_ABOUT THIS TASK:_
The goal here is an exact copy of the entries below, without their pictures.

Data extracted from a collection:
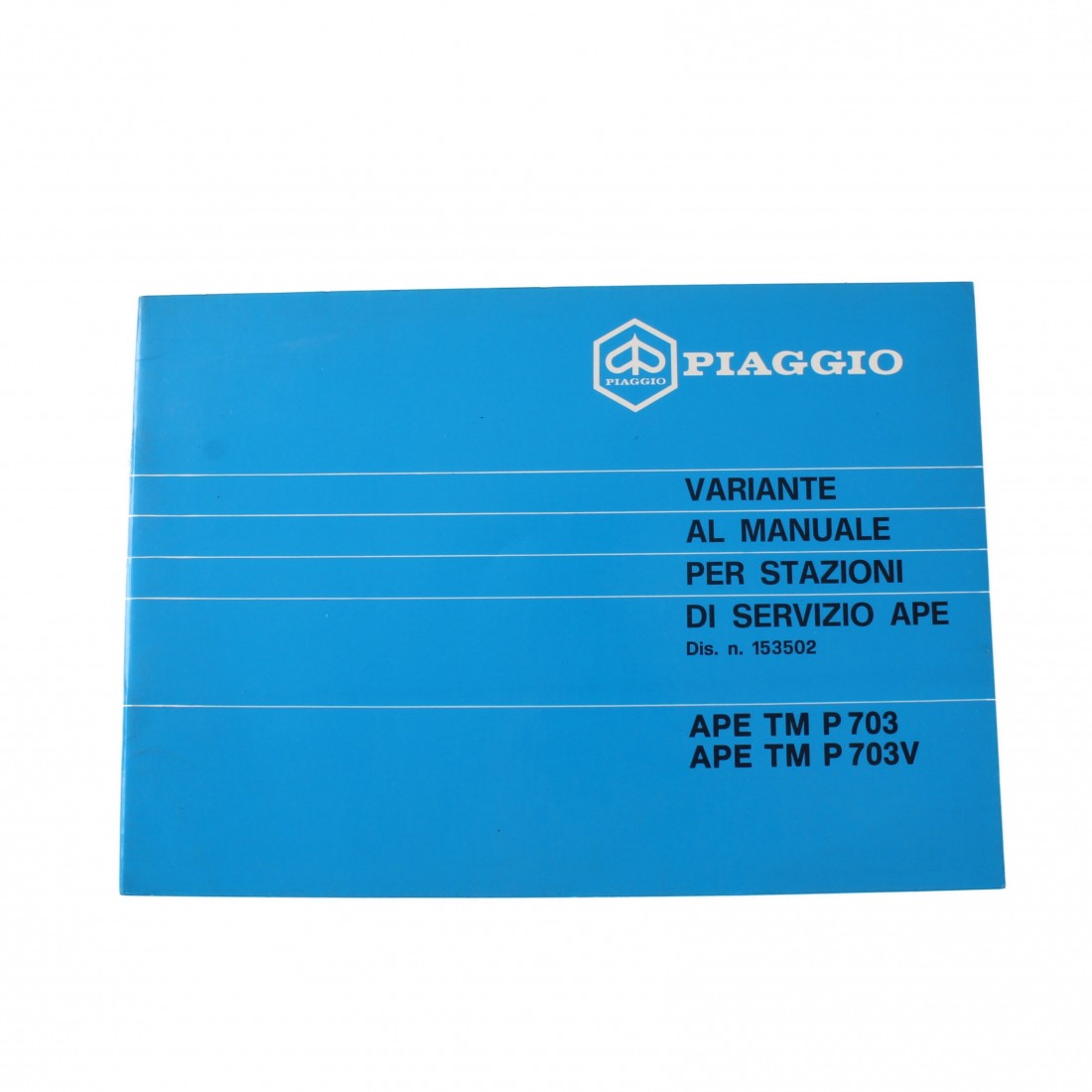 (R.15818) Vendo variante al manuale per stazione di servizio nuovo per Piaggio Ape Tm P703 - P703V con codice Piaggio 153502 , il prezzo si intende al singolo pezzo
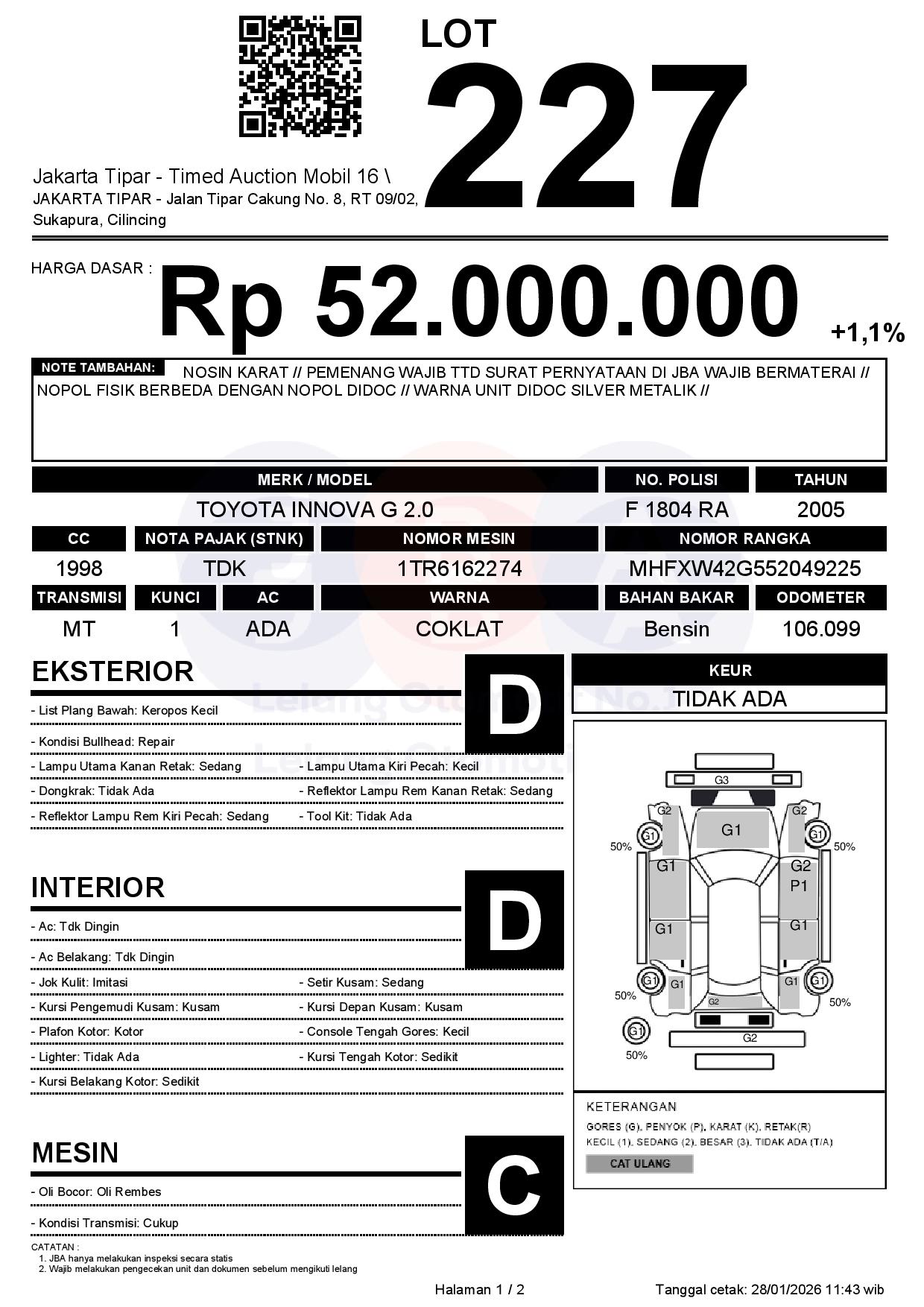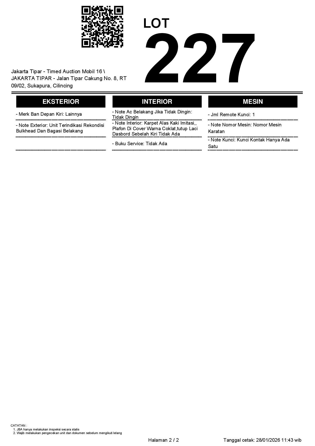 - Kondisi objek lelang dilelang apa adanya, baik kondisi fisik, mesin maupun legalitas kendaraan. Jika terdapat kekurangan/cacat baik yang terlihat maupun yang tidak terlihat, maka semua akan menjadi tanggung jawab/risiko Pemenang Lelang. Oleh karena itu, Pemenang Lelang melepaskan segala hak untuk menuntut dan/atau meminta ganti rugi atas hal tersebut kepada JBA.
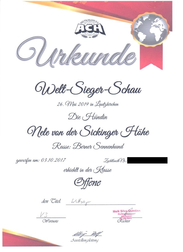 Hier die Urkunden der Ausstellungen
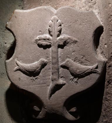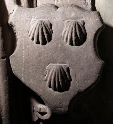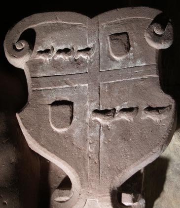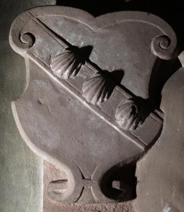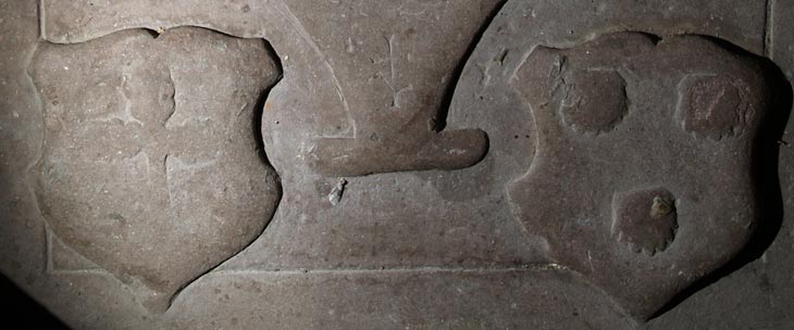 Die gleichen vier Wappenschilde in identischer Anordnung sind auf der zugehörigen Grabplatte zu sehen, deren Inschrift lautet: "HIE(R) LIEGT BEGRAB=/EN DIE EDLE VND / EHRENTVGENTREI=/CHE ELISABETA VON / HUY FRAW ZV ELTZ / CLERF WALMERING=/EN VND VNDRICH / WELCHE DEN 29. / TAG IVNY 1599 / IN GOT(T) ENT=/SCHLAFFE=/N DERO SE(E)L=/LEN DER AL(L)M=/(A)ECHTIG(E) GOT(T) / GNEDIG SE=/IN WOL(L)E / AMEN". In der allerletzten Zeile folgt ein Steinmetzzeichen. Oben rechts ist der Schrägbalken des Wappens de Heu noch zu erkennen; die Muscheln sind hingegen abgetreten (obige Abb. optisch links). Der Brandenbourg-Clervaux-Schild ist komplett bis zur Unkenntlichkeit abgetreten (obige Abb. optisch rechts). Der Schild der de Failly ist noch gut zu erkennen bis auf die Merletten (nachfolgende Abb. optisch links), und am besten erhalten ist der Schild mit den drei Pilgermuscheln (nachfolgende Abb. optisch rechts).
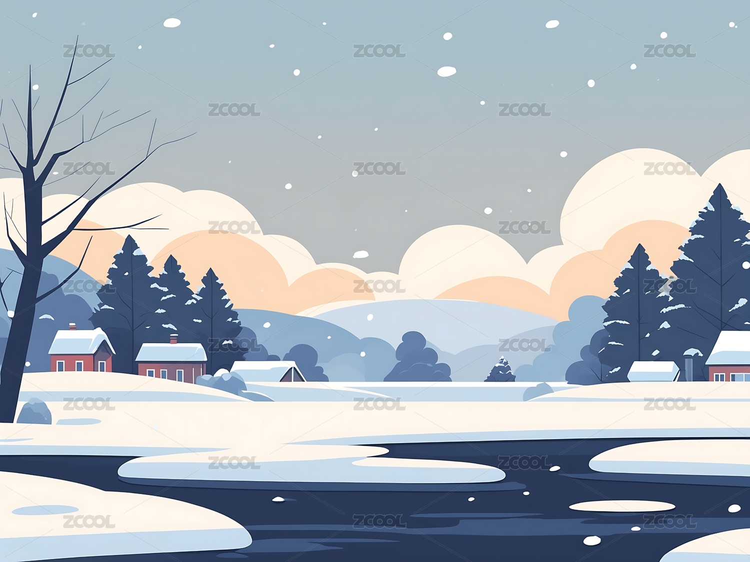 冬天,插画,扁平画风,DXCZ202402,冬至
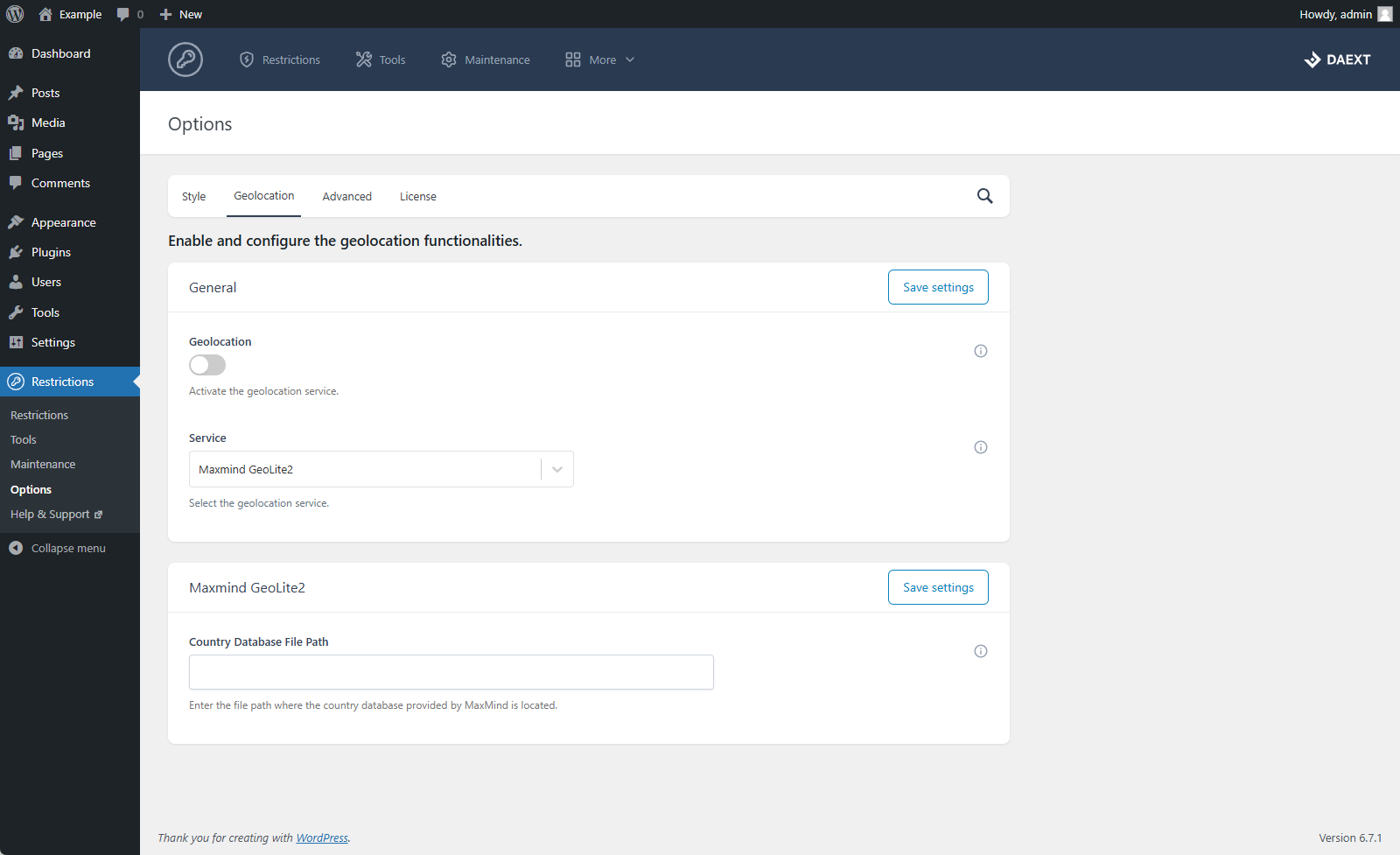 Note that to use the GeoLite2 database, you have to create a MaxMind account and accept their terms of service.
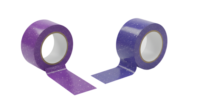 Two rolls of glossy purple decorative tape with white speckles, isolated on white background, perfect for crafts and gift wrapping
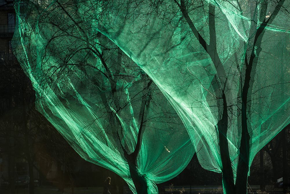 This strange installation looks like artificial foliage... The trees are wrapped in a net which is designed to protect them against salty air-aerosols during winter...
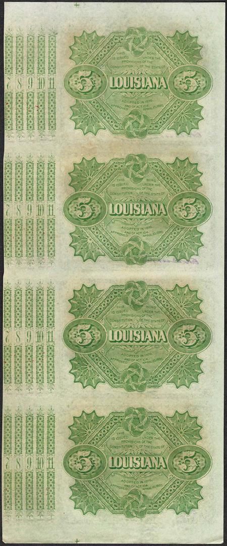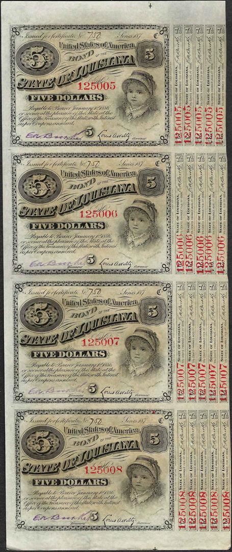 One Uncut Sheet of (4) State of Louisiana Baby Bond Obsolete Notes.

_ANSWER TO THE EXERCISE:_
 (R.15818) Vendo variante al manuale per stazione di servizio nuovo per Piaggio Ape Tm P703 - P703V con codice Piaggio 153502 , il prezzo si intende al singolo pezzo
 - Kondisi objek lelang dilelang apa adanya, baik kondisi fisik, mesin maupun legalitas kendaraan. Jika terdapat kekurangan/cacat baik yang terlihat maupun yang tidak terlihat, maka semua akan menjadi tanggung jawab/risiko Pemenang Lelang. Oleh karena itu, Pemenang Lelang melepaskan segala hak untuk menuntut dan/atau meminta ganti rugi atas hal tersebut kepada JBA.
 Hier die Urkunden der Ausstellungen
 Die gleichen vier Wappenschilde in identischer Anordnung sind auf der zugehörigen Grabplatte zu sehen, deren Inschrift lautet: "HIE(R) LIEGT BEGRAB=/EN DIE EDLE VND / EHRENTVGENTREI=/CHE ELISABETA VON / HUY FRAW ZV ELTZ / CLERF WALMERING=/EN VND VNDRICH / WELCHE DEN 29. / TAG IVNY 1599 / IN GOT(T) ENT=/SCHLAFFE=/N DERO SE(E)L=/LEN DER AL(L)M=/(A)ECHTIG(E) GOT(T) / GNEDIG SE=/IN WOL(L)E / AMEN". In der allerletzten Zeile folgt ein Steinmetzzeichen. Oben rechts ist der Schrägbalken des Wappens de Heu noch zu erkennen; die Muscheln sind hingegen abgetreten (obige Abb. optisch links). Der Brandenbourg-Clervaux-Schild ist komplett bis zur Unkenntlichkeit abgetreten (obige Abb. optisch rechts). Der Schild der de Failly ist noch gut zu erkennen bis auf die Merletten (nachfolgende Abb. optisch links), und am besten erhalten ist der Schild mit den drei Pilgermuscheln (nachfolgende Abb. optisch rechts).
 冬天,插画,扁平画风,DXCZ202402,冬至
 Note that to use the GeoLite2 database, you have to create a MaxMind account and accept their terms of service.
 Two rolls of glossy purple decorative tape with white speckles, isolated on white background, perfect for crafts and gift wrapping
 This strange installation looks like artificial foliage... The trees are wrapped in a net which is designed to protect them against salty air-aerosols during winter...
 One Uncut Sheet of (4) State of Louisiana Baby Bond Obsolete Notes.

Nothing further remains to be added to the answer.